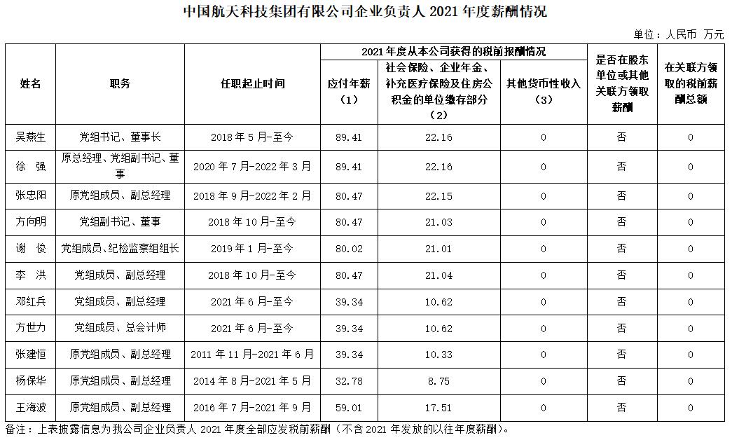 中国航天科技集团有限公司企业负责人2021年度薪酬情况
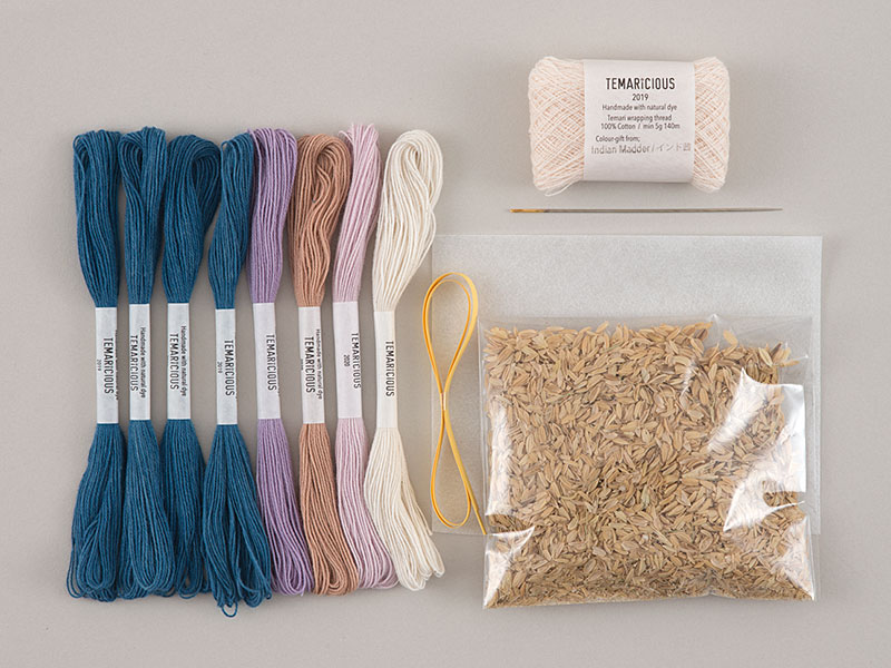草木染刺しゅう糸、手まり土台用糸、籾殻、薄紙、紙テープ、針
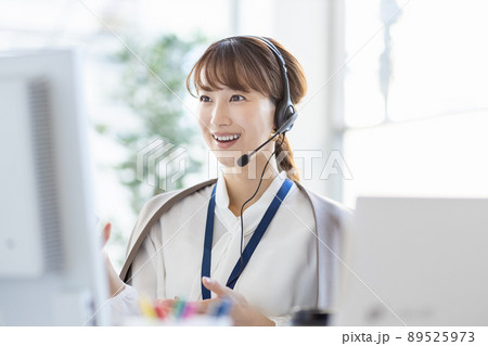 パソコンの前でヘッドセットをつけて通話をしているビジネスウーマン
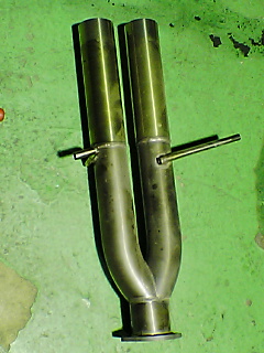 マフラーのリヤピース部分の手直しですが、仕様的には画像のように2種類の出口を楽しめるように製作されていましたが、右側の差込タイプになっている部分が回ってしまうと言う事で1本物になるように溶接加工しました。
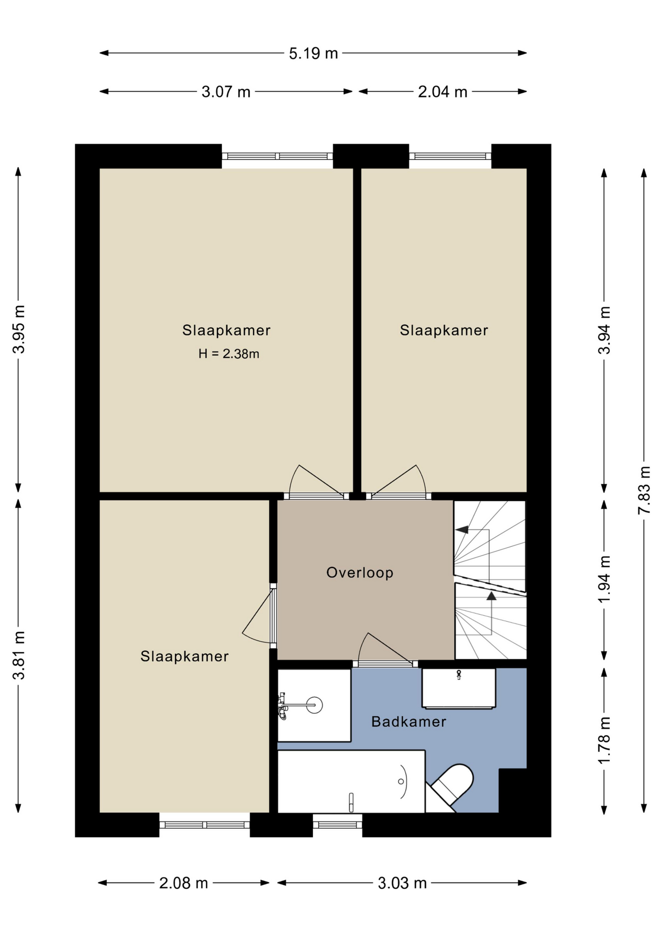 De 1e verdieping beschikt over drie ruime slaapkamers, die alle zijn voorzien van een laminaatvloer,
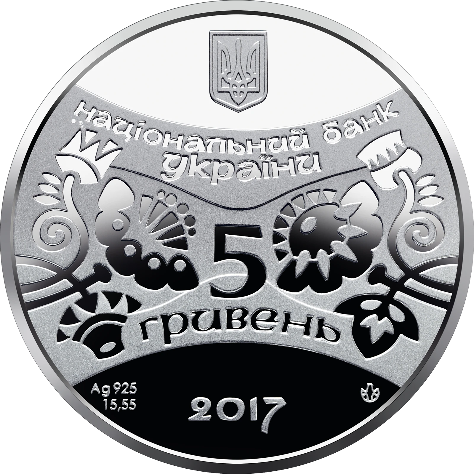 На аверсі монети розміщено: угорі малий Державний Герб України, під яким напис НАЦІОНАЛЬНИЙ БАНК/УКРАЇНИ; у центрі в оточенні стилізованого рослинного орнаменту - номінал 5/ГРИВЕНЬ; унизу рік - 2017, а також позначення металу, його проби - Ag 925, маси в чистоті - 15,55 та логотип Банкнотно-монетного двору Національного банку України.
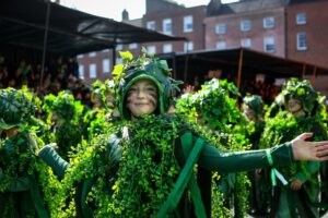 Families and tourists thronged the streets in cities and towns across the island of Ireland for St Patrick’s Day, while reflecting on what it means to be Irish..
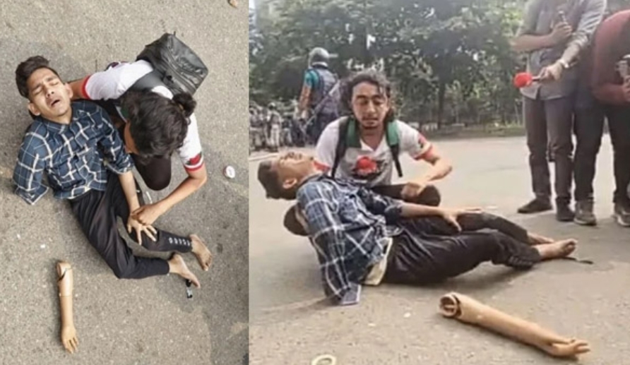 সরেজমিনে দেখা গেছে, আন্দোলনরত জুলাই যোদ্ধাদের ওপর পুলিশের লাঠিচার্জের সময় রাস্তায় দেখা যায় একজন জুলাই যোদ্ধার শরীরে লাগানো একটি কৃত্রিম হাত খুলে পড়ে যায় রাস্তায়। লাঠিচার্জ সহ্য করতে না পারায় হাত রেখেই পালিয়ে যান সেই অবস্থানকারী।

------------------------------

Task to carry out »
Could you reproduce every entry exactly, leaving out the pictures?

Exercise solution »
 中国航天科技集团有限公司企业负责人2021年度薪酬情况
草木染刺しゅう糸、手まり土台用糸、籾殻、薄紙、紙テープ、針
 パソコンの前でヘッドセットをつけて通話をしているビジネスウーマン
 マフラーのリヤピース部分の手直しですが、仕様的には画像のように2種類の出口を楽しめるように製作されていましたが、右側の差込タイプになっている部分が回ってしまうと言う事で1本物になるように溶接加工しました。
 De 1e verdieping beschikt over drie ruime slaapkamers, die alle zijn voorzien van een laminaatvloer,
 На аверсі монети розміщено: угорі малий Державний Герб України, під яким напис НАЦІОНАЛЬНИЙ БАНК/УКРАЇНИ; у центрі в оточенні стилізованого рослинного орнаменту - номінал 5/ГРИВЕНЬ; унизу рік - 2017, а також позначення металу, його проби - Ag 925, маси в чистоті - 15,55 та логотип Банкнотно-монетного двору Національного банку України.
 Families and tourists thronged the streets in cities and towns across the island of Ireland for St Patrick’s Day, while reflecting on what it means to be Irish..
 সরেজমিনে দেখা গেছে, আন্দোলনরত জুলাই যোদ্ধাদের ওপর পুলিশের লাঠিচার্জের সময় রাস্তায় দেখা যায় একজন জুলাই যোদ্ধার শরীরে লাগানো একটি কৃত্রিম হাত খুলে পড়ে যায় রাস্তায়। লাঠিচার্জ সহ্য করতে না পারায় হাত রেখেই পালিয়ে যান সেই অবস্থানকারী।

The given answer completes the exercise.